§ **Problem requirements**
For the data below, transcribe the part that opens with the line containing "需注意的是这种设计的推拉门隔" and closes with the line containing "올해는 메르스 여파로", exactly and with no pictures.

******

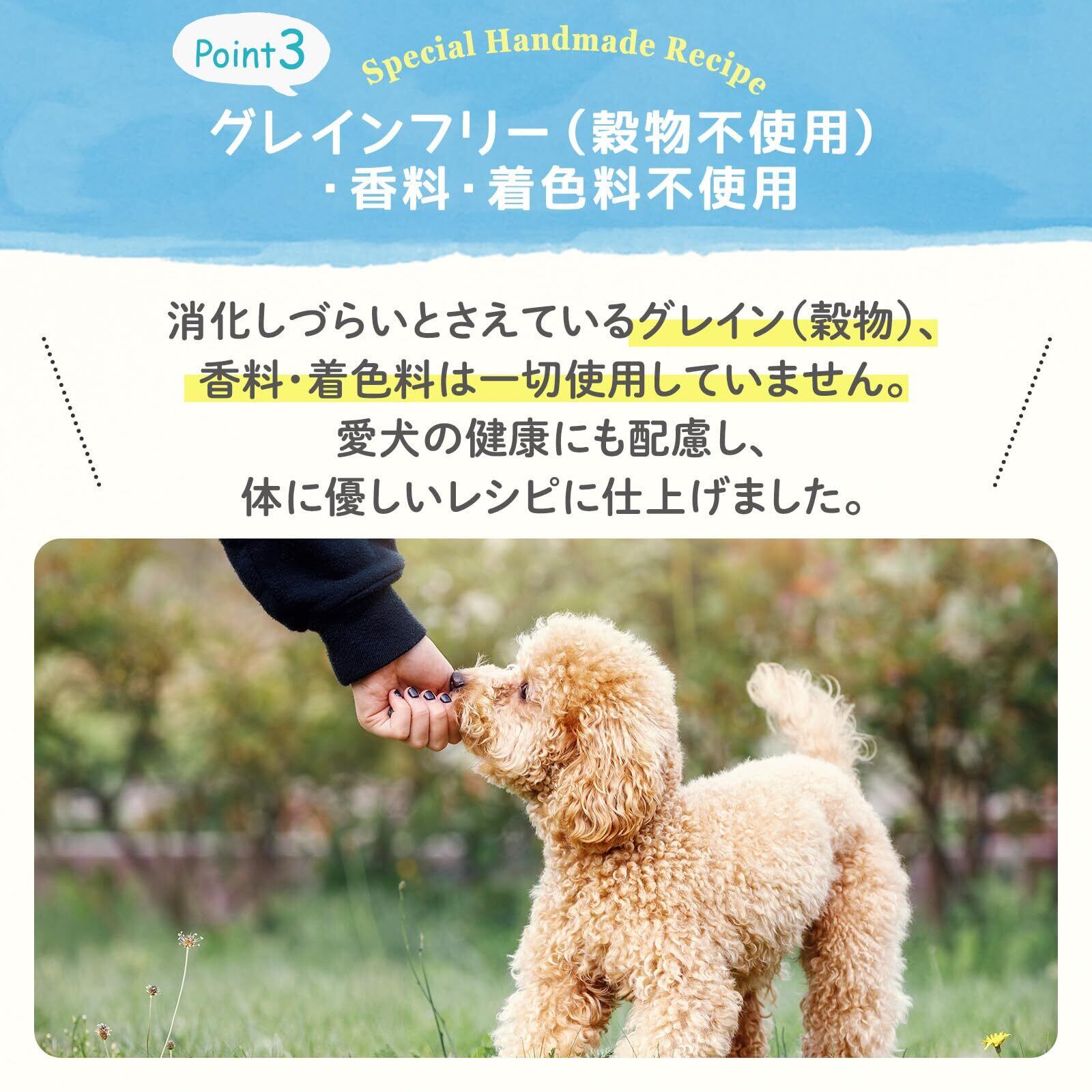 【ワンちゃんの体にやさしいグレインフリー】消化の負担にならないよう穀物は不使用。また、香料も不使用で体にやさしいフードに仕上げています。
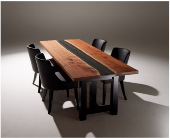 銘⽊の⼀枚板と植物由来のレジン(樹脂)を組み合わせた唯⼀無⼆のアートのような天板。⼀枚板の間にレジンを流し込む加⼯を施したものは、⽊部を陸地に、レジンを川に⾒⽴てて、“リバーテーブル”と呼ばれ、世界的に大きなムーブメントとなっています。
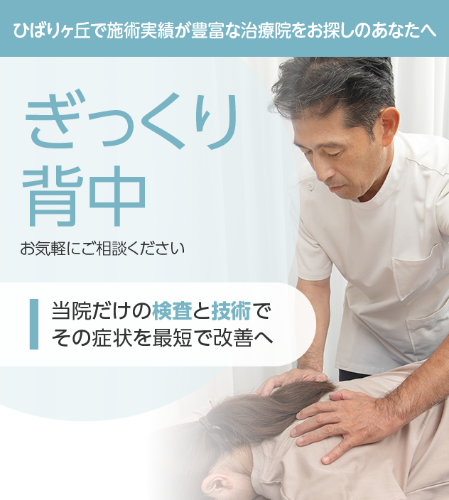 病院やほかの治療院で改善しなかったとしても諦める必要はありません。ぎっくり背中は豊富な施術実績を誇る当院にお任せください。
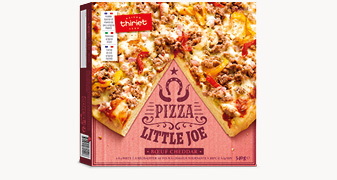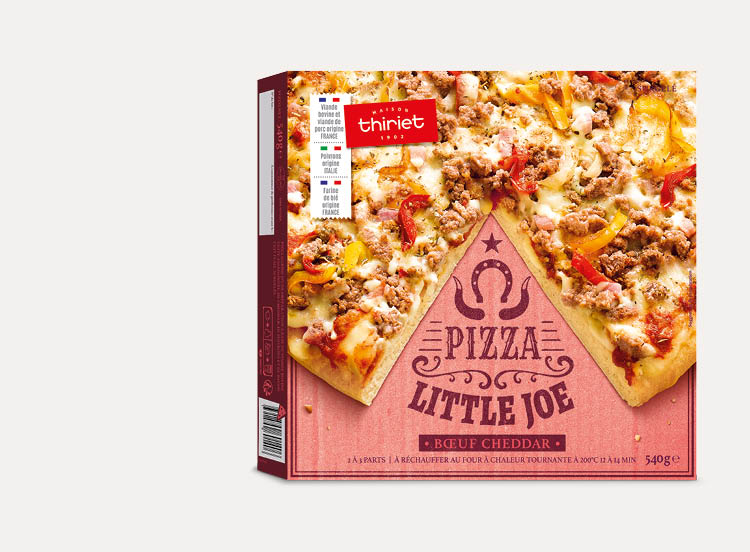 Farine de blé (gluten (Blé)) (origine France) 31,1%, eau, préparation à base de viande bovine cuite assaisonnée 10% (viande bovine cuite (origine France) 9,8%, sel, épices et plantes aromatiques, oignon en poudre), cheddar (lait) 8,3%, bacon cuit choix fumé 3,7% (viande de porc (origine France) 3,5%, sel, dextrose, acidifiant : acide citrique, antioxydant : érythorbate de sodium, conservateur : nitrite de sodium), poivron jaune grillé (origine Italie) 3,7%, poivron rouge grillé (origine Italie) 3,7%, oignon grillé 3,7%, concentré de tomate, oignons préfrits 2,3% (oignon blanc, huile de tournesol), sucre, vinaigre d'alcool, huile d'olive vierge extra, sel, levure, amidon, épices et plantes aromatiques, paprika fumé, sel fumé, purée de piment (piment, sel)
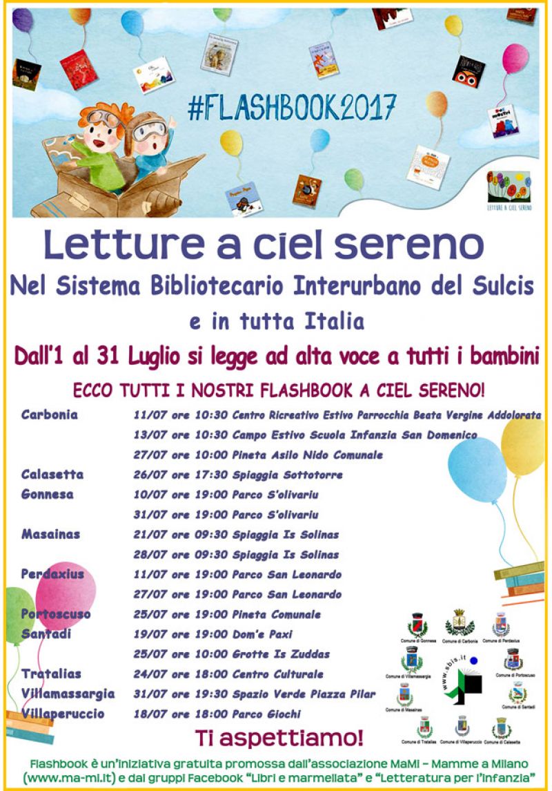 Nel mese di luglio, si replica l’iniziativa di promozione della lettura a carattere nazionale: flashbook Letture a ciel sereno - flashmob dedicato alla letteratura per l’infanzia. (https://www.facebook.com/flashbook.italia/)
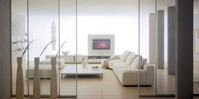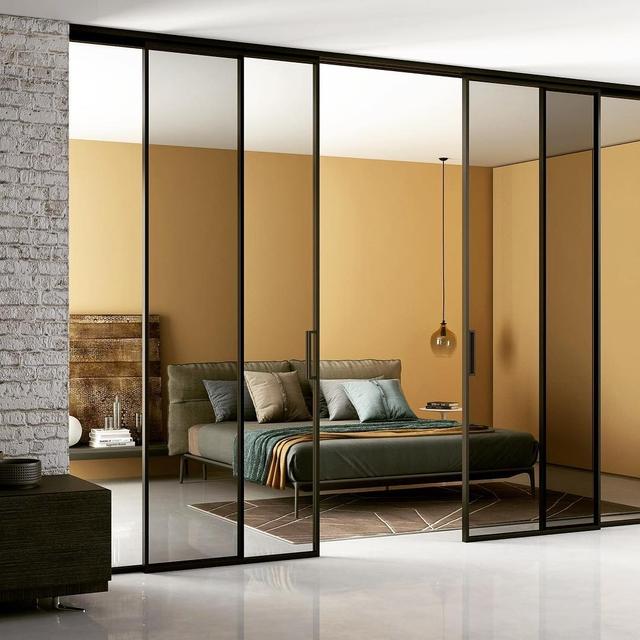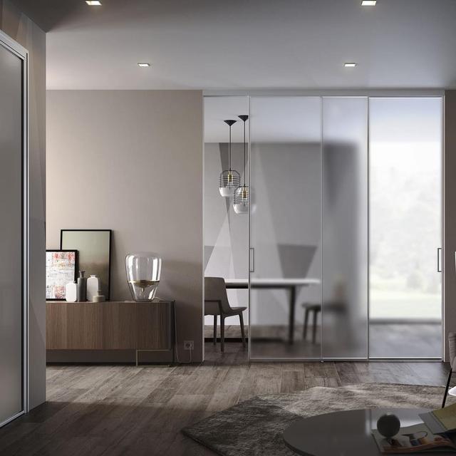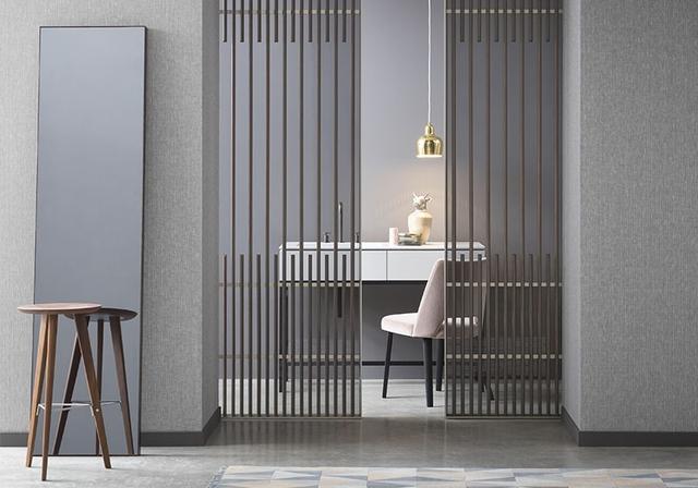 需注意的是这种设计的推拉门隔音效果、隔油烟的效果都很一般,不适合客厅和厨房的隔断。通常用在卧室、书房、或者玄关处都可以。
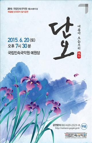 올해는 메르스 여파로 각종 풍속 행사가 취소되거나 최소한으로 진행되는 가운데 남원의 국립민속국악원에서는 20일 '단오, 여름이 오는 소리'를 주제로 정기 공연이 열린다.
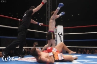 1R、素早いジャブからワンツーを叩き込む木村。HIROYAはしっかりとブロックして右ローを蹴っていく。木村は右ストレートを伸ばして、そこから左フック・左ボディへ。HIROYAは確実に右ローを蹴り込む。木村のパンチとHIROYAのローが交錯する中、木村がHIROYAのローに右ストレートを合わせてダウンを奪う。再開後、木村は左フックからの右、そして左フックで立て続けに2度のダウンを追加し、1RKOでHIROYAをマットに沈めた。
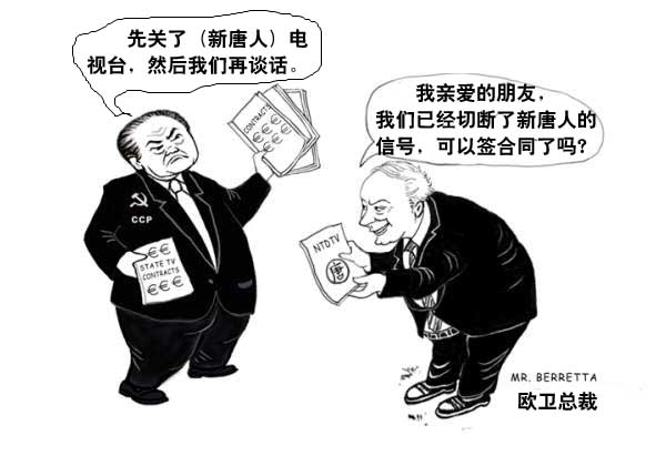 记者无疆界表示,新!唐!人:电视台的节目激怒了中共政权,因为通过卫星,数以百万计的中国人可以看到新!唐!人:电视台的节目。欧卫在奥运会的前几周中断新!唐!人:的节目,是因为欧卫为了获得新的交易。欧卫在二零零五年就曾试图关闭新!唐!人:的信号,当时迫于国际压力,欧卫才签了新的合同。

******

§ **Result**
 需注意的是这种设计的推拉门隔音效果、隔油烟的效果都很一般,不适合客厅和厨房的隔断。通常用在卧室、书房、或者玄关处都可以。
 올해는 메르스 여파로 각종 풍속 행사가 취소되거나 최소한으로 진행되는 가운데 남원의 국립민속국악원에서는 20일 '단오, 여름이 오는 소리'를 주제로 정기 공연이 열린다.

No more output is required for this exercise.